Student Debt a Disaster for Future GraduatesPosted: July 5, 2012
Repayment of student loans is already so patchy that the portents are disturbing for future repayment of the much higher loans from 2012-13.
The Student Loans Company reports that, of the England-domiciled student borrowers who graduated in 2000, one in seven, 14%, earned too little in 2010-11 to have to make repayments, and another 10% were unemployed. Another 3% had ‘disappeared’ and 4% more were receiving payment holidays. That totals 31%, nearly one in three, not making repayments, 10 years after graduating. This compares with 23% who made at least one repayment in the year.
In those 10 years, 45% of the 2000 graduates had repaid their loans. We need to remember that back then, loans were much smaller than they are now, and from this September they soar again. The average value of loans taken out in 1995-96 was £1,250, and in 2000-01, £2,900. From 2000, repayments have begun when annual income exceeds £15,000, at the rate of 9% of income above this threshold.
New students this September will face tuition fees of up to £9,000 and will be able to borrow up to £7,675 for living costs if they study in London, up to £4,375 outside London. This means that London students will have access to up to £16,675 in their first year, and this starts to accrue interest charges straight away.
The interest charges are going up too. They will be at the RPI on incomes under £21,000, RPI plus up to 3% on a sliding scale on incomes between £21,000 and £41,000, and RPI plus 3% on incomes over £41,000. Repayments will be at the rate of 9% of income over £21,000, but incomes below this will not escape, because interest charges will be applied and rolled up until the payment threshold is reached.

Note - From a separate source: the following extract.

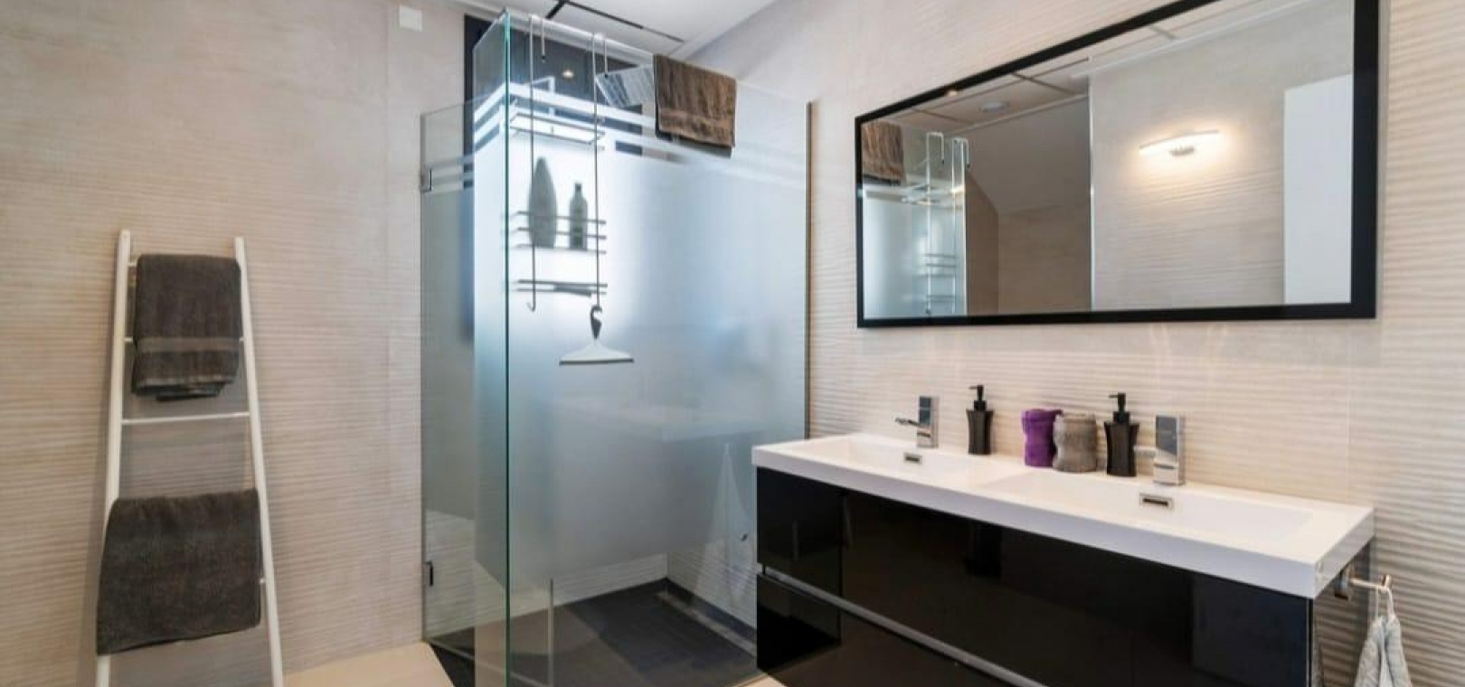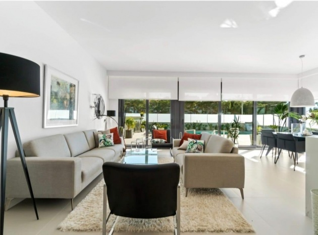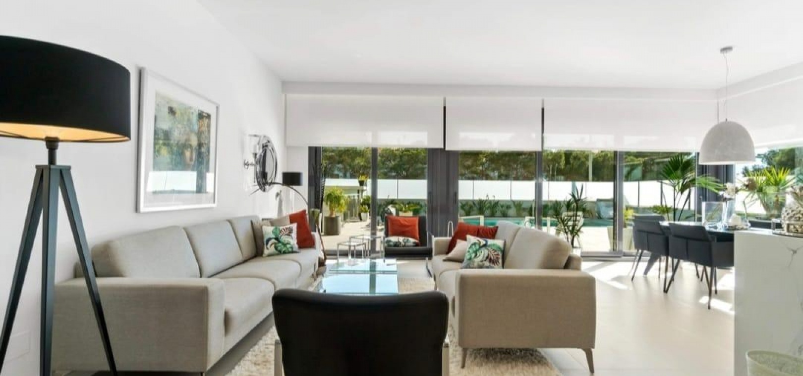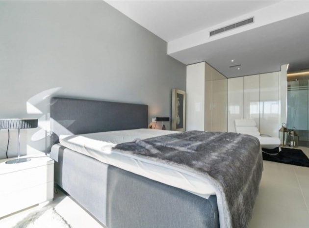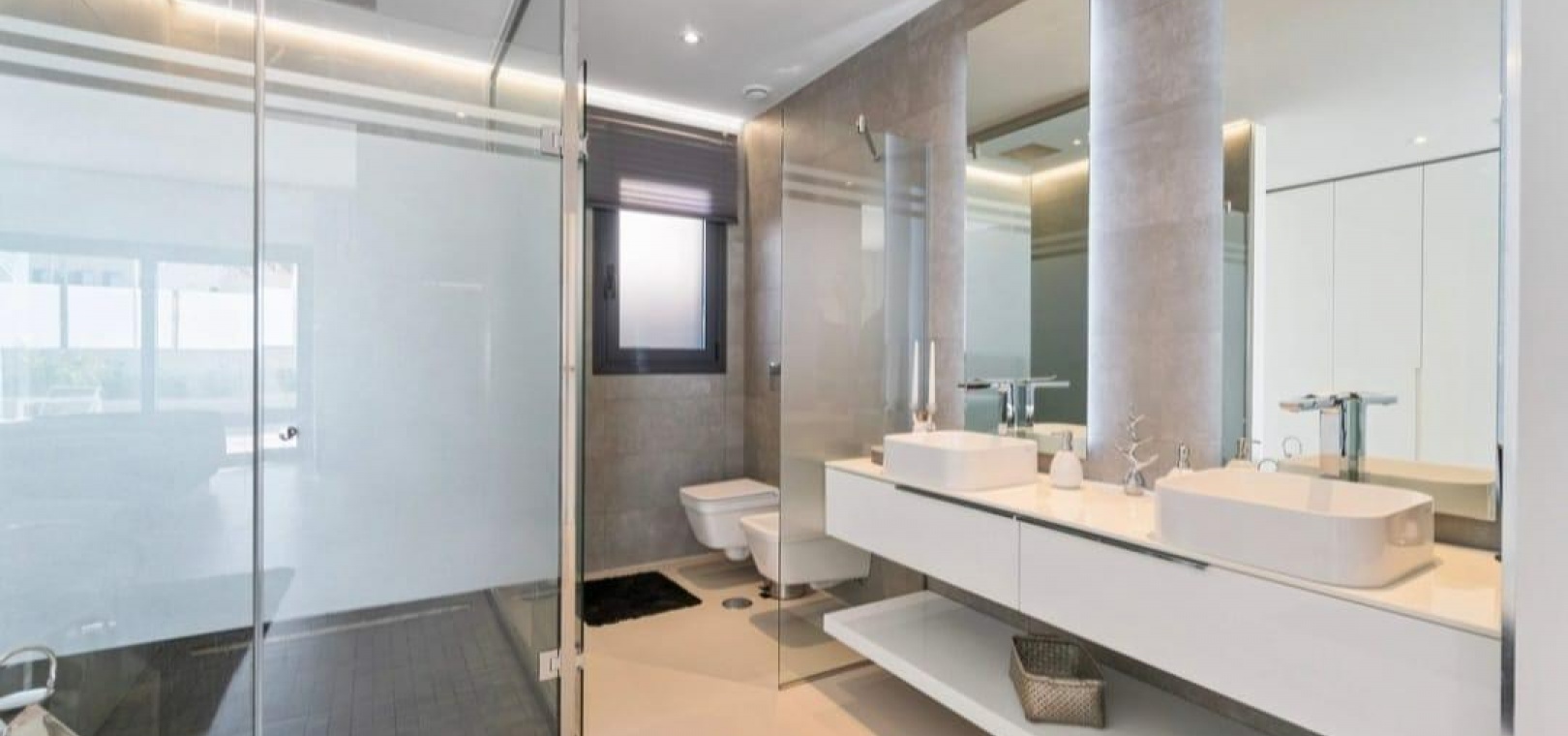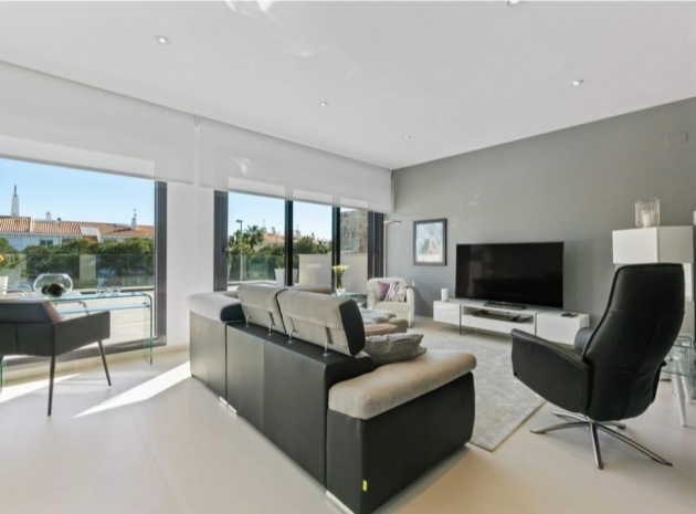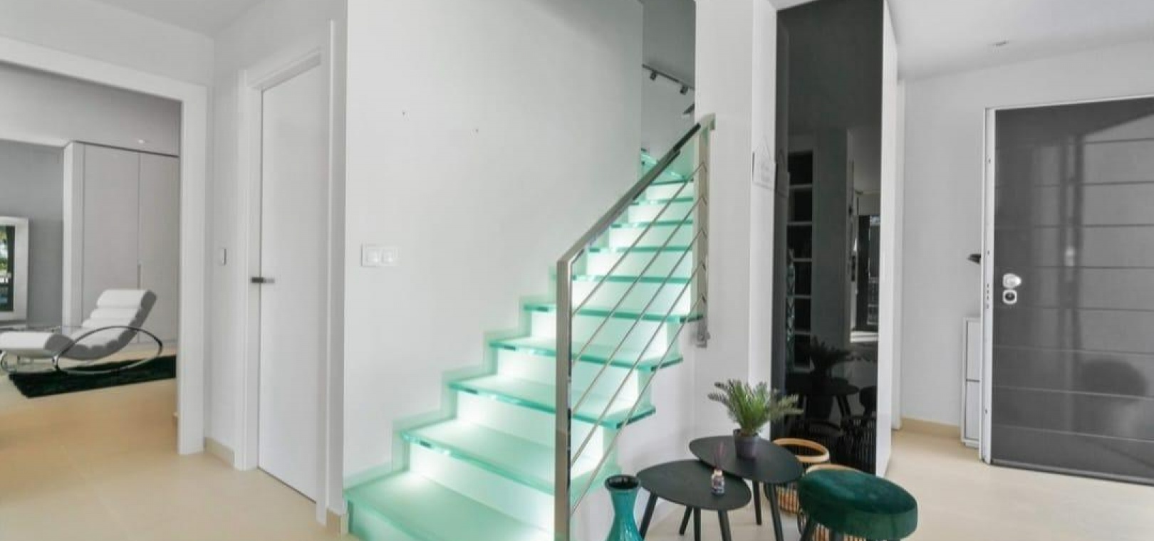 Campoamor, Villa de luxe moderne avec un terrain de 479 m2 et une maison de 234 m2 avec 3 chambres (dont 2 au rez-de-chaussée), 3 salles de bains, grand salon, cuisine avec îlot, grande terrasse, piscine privée, solarium avec zone vitrée et jacuzzi avec vue sur la mer, espace barbecue, vendu meublé, avec place de parking sur le terrain et à distance de marche de la plage d'Aguamarina.~

Compared with interest rates on savings – negligible in 2012 – and with the 1.5% interest rates on student loans in 2010-11 and 2011-12, the new rates will appear sky-high. As an example, the Retail Prices Index, RPI, was 3.1% in May 2012. Add 3% on top, and the rate becomes 6.1%. The new loans will remain live for 30 years, up from 25 years currently, and will be very hard to repay for graduates who move in and out of the threshold, because the longer the loan takes to pay off, the bigger the interest bill.
Graduates today are more likely than ever to be in low-paid jobs – as waiters, bar staff, cleaners, receptionists, and the like. For the final quarter of 2011, 35.9% of workers who graduated in the previous six years were in jobs that did not require a degree, and another 9.1% were known to be unemployed. Low-paid jobs and high rates of interest on student loans are not good companions.
Students should pay for their education, the argument goes, because they will benefit financially. That has never been true for all students, and becomes less true overall with each passing year.
The costs of higher education are diverging in the nations of the United Kingdom. Wales will require Welsh-domiciled students studying anywhere in the UK, and EU students studying in Wales, to pay tuition fees up to £3,465 from September 2012. In Northern Ireland, Northern Irish and EU students studying in the province will also pay no more than £3,465. In Scotland, Scottish-domiciled and EU students continue to have fee-free higher education. Devolution is leading to very different patterns of subsidy – or not – for higher education. Currently, English-domiciled students have the worst deal.
In three years’ time, students will be graduating with debts that a few years ago would have been a medium-sized mortgage. Debts of around £40,000 for students outside London, and £50,000 for students in London, will be common. Add the hefty interest rates, and the 30 years before debt is written off, and higher education transforms into a disastrous financial millstone, especially for the very many graduates who never become higher-rate taxpayers.
The electoral gains that Tony Blair’s New Labour acquired from its promise to provide higher education for half of all school-leavers have turned into a financial ball and chain that students and their families have to lug with them for decades. How could we improve matters? A few ideas: more distance learning and local study centres, so more higher education students can remain living (usually more cheaply) at home; a national investment bank – not a derivatives casino – to build up sustainable, low-impact enterprises in renewable energy, recycling, biotechnologies, water and soil management, and so on, ventures that will employ graduates (and pay them); and a clampdown on corporate tax evasion, with the recovered money invested in public services including education, which should be seen as a social necessity and not as a private consumer purchase.
Statistics from the Student Loans company, table 1(ii), borrowers who were students domiciled in England studying within the UK, and EU students studying in England.
 ‘Student Loan Statistics’ by Paul Bolton, House of Commons Library, June 19th 2012, Note SN/SG/1079.
 ‘Graduates in the Labour Market 2012’, from the Office for National Statistics, March 6th 2012.